((
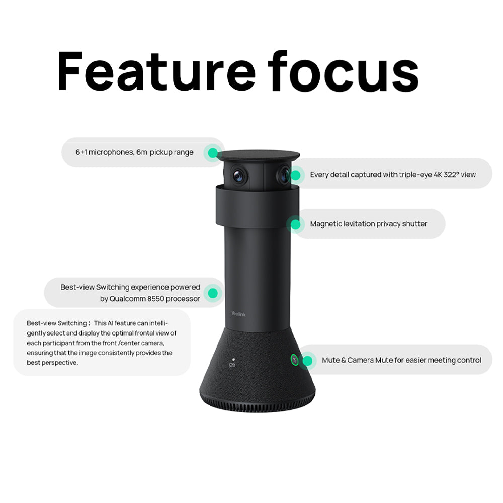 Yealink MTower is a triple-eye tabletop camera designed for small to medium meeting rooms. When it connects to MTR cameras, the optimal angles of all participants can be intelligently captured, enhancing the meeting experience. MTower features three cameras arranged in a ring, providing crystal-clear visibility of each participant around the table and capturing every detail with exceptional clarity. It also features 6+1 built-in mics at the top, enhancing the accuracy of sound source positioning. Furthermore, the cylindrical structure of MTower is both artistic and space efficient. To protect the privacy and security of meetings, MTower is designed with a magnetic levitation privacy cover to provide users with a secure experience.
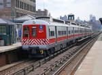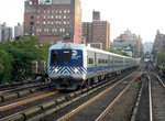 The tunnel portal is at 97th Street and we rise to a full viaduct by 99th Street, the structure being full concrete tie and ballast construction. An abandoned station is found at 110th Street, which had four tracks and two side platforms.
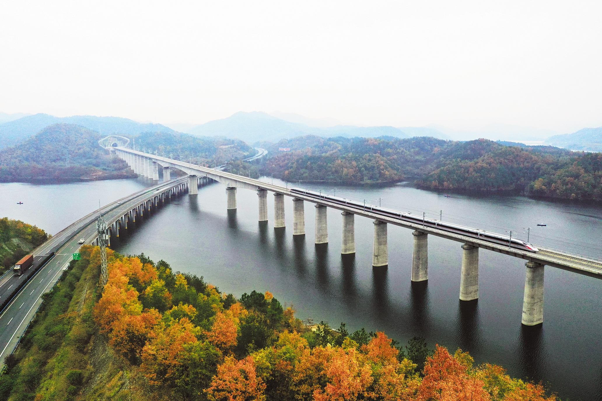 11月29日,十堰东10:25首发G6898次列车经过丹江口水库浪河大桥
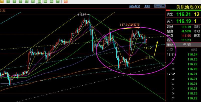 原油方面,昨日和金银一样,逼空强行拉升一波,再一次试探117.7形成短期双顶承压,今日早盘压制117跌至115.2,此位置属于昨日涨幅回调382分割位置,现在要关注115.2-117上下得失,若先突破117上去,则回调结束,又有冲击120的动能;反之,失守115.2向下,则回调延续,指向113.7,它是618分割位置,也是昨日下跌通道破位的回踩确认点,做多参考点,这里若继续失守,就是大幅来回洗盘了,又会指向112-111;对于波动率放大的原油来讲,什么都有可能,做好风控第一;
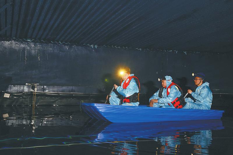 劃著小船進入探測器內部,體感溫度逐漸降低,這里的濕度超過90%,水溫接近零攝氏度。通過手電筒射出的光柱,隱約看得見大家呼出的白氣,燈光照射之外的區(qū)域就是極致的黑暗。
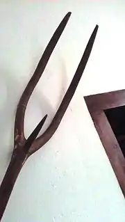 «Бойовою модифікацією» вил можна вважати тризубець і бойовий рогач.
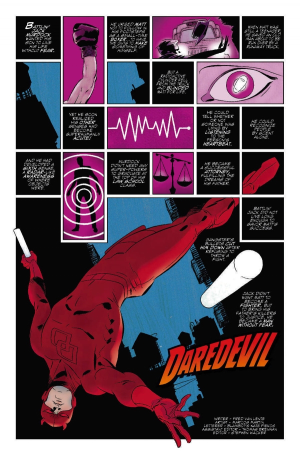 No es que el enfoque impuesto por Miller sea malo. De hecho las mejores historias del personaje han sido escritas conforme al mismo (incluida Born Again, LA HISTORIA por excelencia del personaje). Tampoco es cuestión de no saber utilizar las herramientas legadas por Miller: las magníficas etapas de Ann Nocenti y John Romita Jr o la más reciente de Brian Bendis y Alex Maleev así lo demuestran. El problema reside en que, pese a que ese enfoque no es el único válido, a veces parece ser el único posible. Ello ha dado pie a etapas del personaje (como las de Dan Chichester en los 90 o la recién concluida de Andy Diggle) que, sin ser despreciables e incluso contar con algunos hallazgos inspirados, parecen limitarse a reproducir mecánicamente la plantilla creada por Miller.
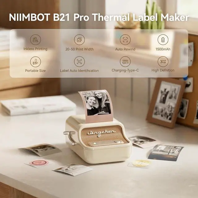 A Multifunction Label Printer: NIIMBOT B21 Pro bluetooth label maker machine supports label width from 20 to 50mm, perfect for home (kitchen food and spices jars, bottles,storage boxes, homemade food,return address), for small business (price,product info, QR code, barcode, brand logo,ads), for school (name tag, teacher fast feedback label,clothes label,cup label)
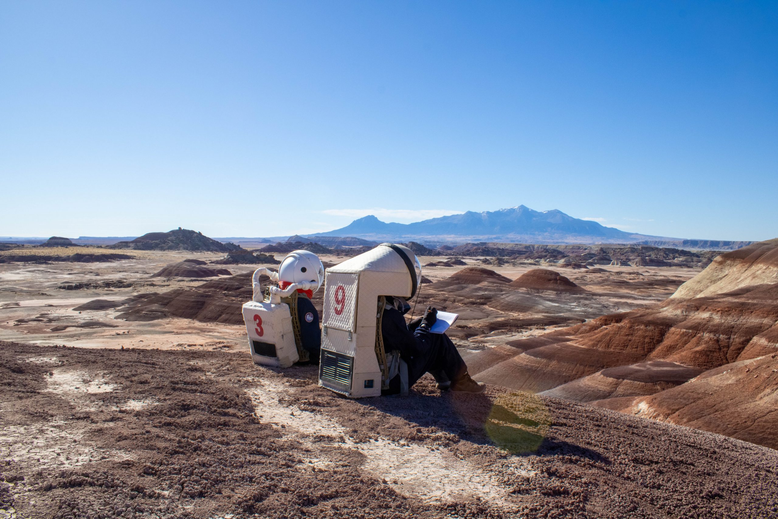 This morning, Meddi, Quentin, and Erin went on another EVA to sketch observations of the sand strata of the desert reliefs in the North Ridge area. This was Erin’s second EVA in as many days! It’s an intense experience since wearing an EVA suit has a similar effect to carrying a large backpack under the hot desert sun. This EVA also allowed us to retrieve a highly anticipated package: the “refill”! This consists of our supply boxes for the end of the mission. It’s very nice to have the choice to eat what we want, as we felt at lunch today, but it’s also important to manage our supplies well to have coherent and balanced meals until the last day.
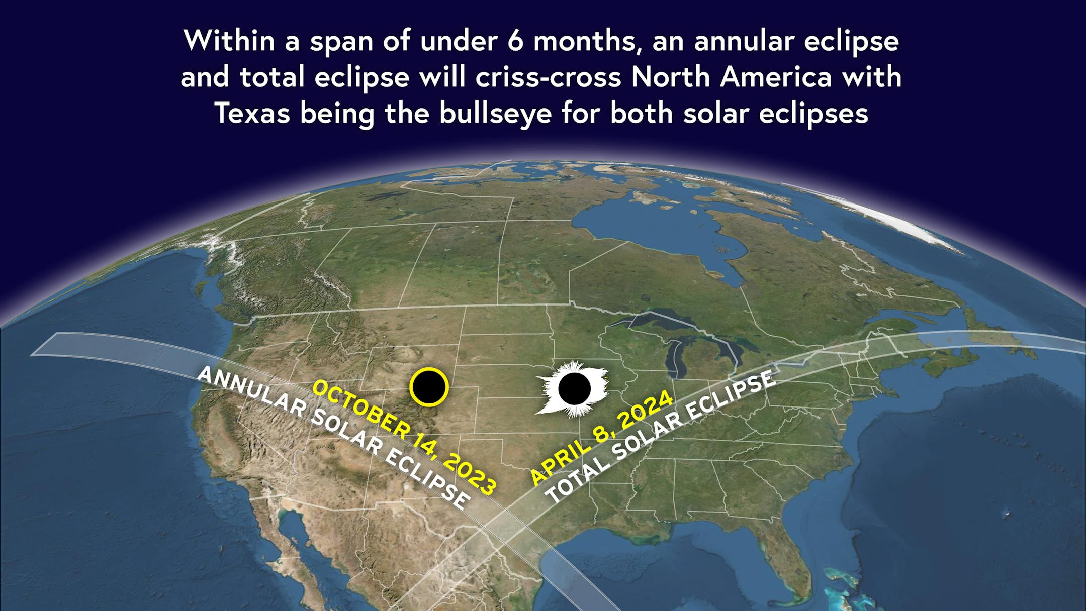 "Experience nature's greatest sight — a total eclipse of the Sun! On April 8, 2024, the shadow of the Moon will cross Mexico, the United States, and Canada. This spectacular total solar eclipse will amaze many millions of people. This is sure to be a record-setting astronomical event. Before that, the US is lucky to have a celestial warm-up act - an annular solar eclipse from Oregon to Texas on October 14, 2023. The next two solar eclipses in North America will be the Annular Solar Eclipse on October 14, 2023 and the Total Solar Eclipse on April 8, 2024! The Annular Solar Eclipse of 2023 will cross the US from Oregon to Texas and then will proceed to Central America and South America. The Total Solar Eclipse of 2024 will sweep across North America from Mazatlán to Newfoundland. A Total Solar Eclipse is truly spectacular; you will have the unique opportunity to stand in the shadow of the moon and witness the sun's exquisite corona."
))
((
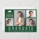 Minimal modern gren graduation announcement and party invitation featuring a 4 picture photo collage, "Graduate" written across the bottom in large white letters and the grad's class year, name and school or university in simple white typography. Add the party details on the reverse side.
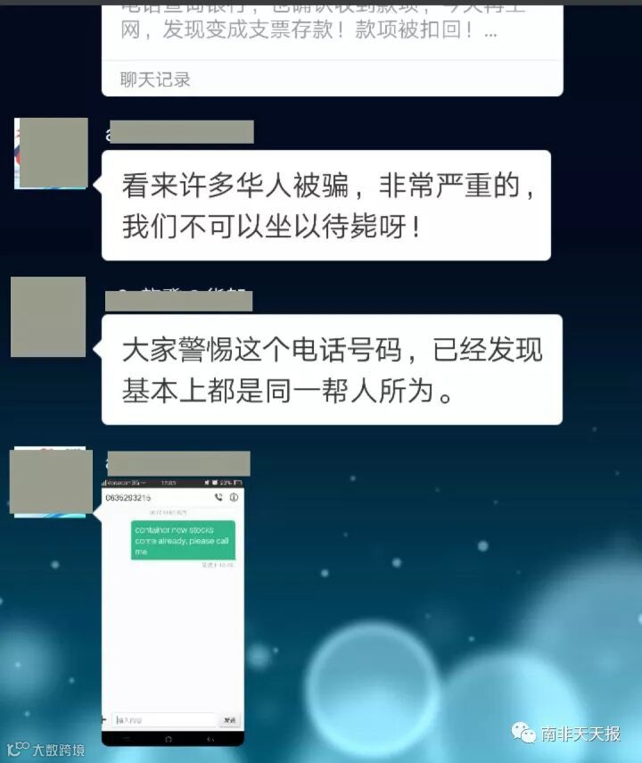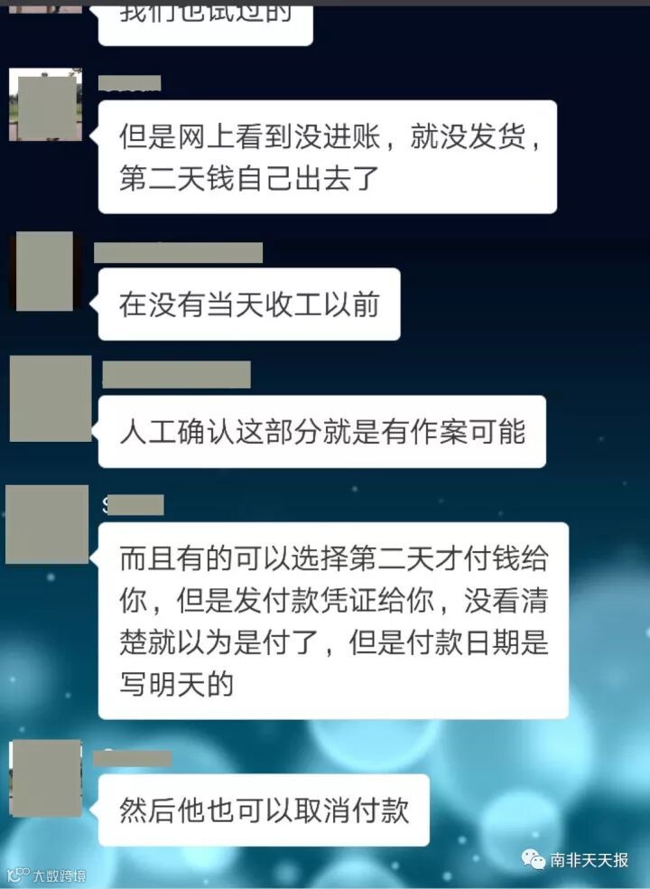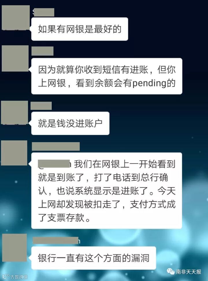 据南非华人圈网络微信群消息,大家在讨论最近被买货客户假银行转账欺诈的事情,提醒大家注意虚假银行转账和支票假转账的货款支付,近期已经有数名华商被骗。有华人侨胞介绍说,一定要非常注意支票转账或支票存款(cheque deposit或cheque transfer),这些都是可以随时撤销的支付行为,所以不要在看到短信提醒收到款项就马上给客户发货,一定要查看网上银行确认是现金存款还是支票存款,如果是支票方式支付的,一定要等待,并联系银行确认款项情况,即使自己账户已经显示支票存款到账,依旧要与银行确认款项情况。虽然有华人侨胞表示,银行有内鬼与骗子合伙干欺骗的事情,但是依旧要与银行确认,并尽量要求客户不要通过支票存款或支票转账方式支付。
))
* Task instructions:
Given the listing above, retype only the span of lines from the line with "劃著小船進入探測器內部,體感" up to and including the line with "і бойовий рогач.", exactly as it stands and without pictures.

* Answer to the exercise:
 劃著小船進入探測器內部,體感溫度逐漸降低,這里的濕度超過90%,水溫接近零攝氏度。通過手電筒射出的光柱,隱約看得見大家呼出的白氣,燈光照射之外的區(qū)域就是極致的黑暗。
 «Бойовою модифікацією» вил можна вважати тризубець і бойовий рогач.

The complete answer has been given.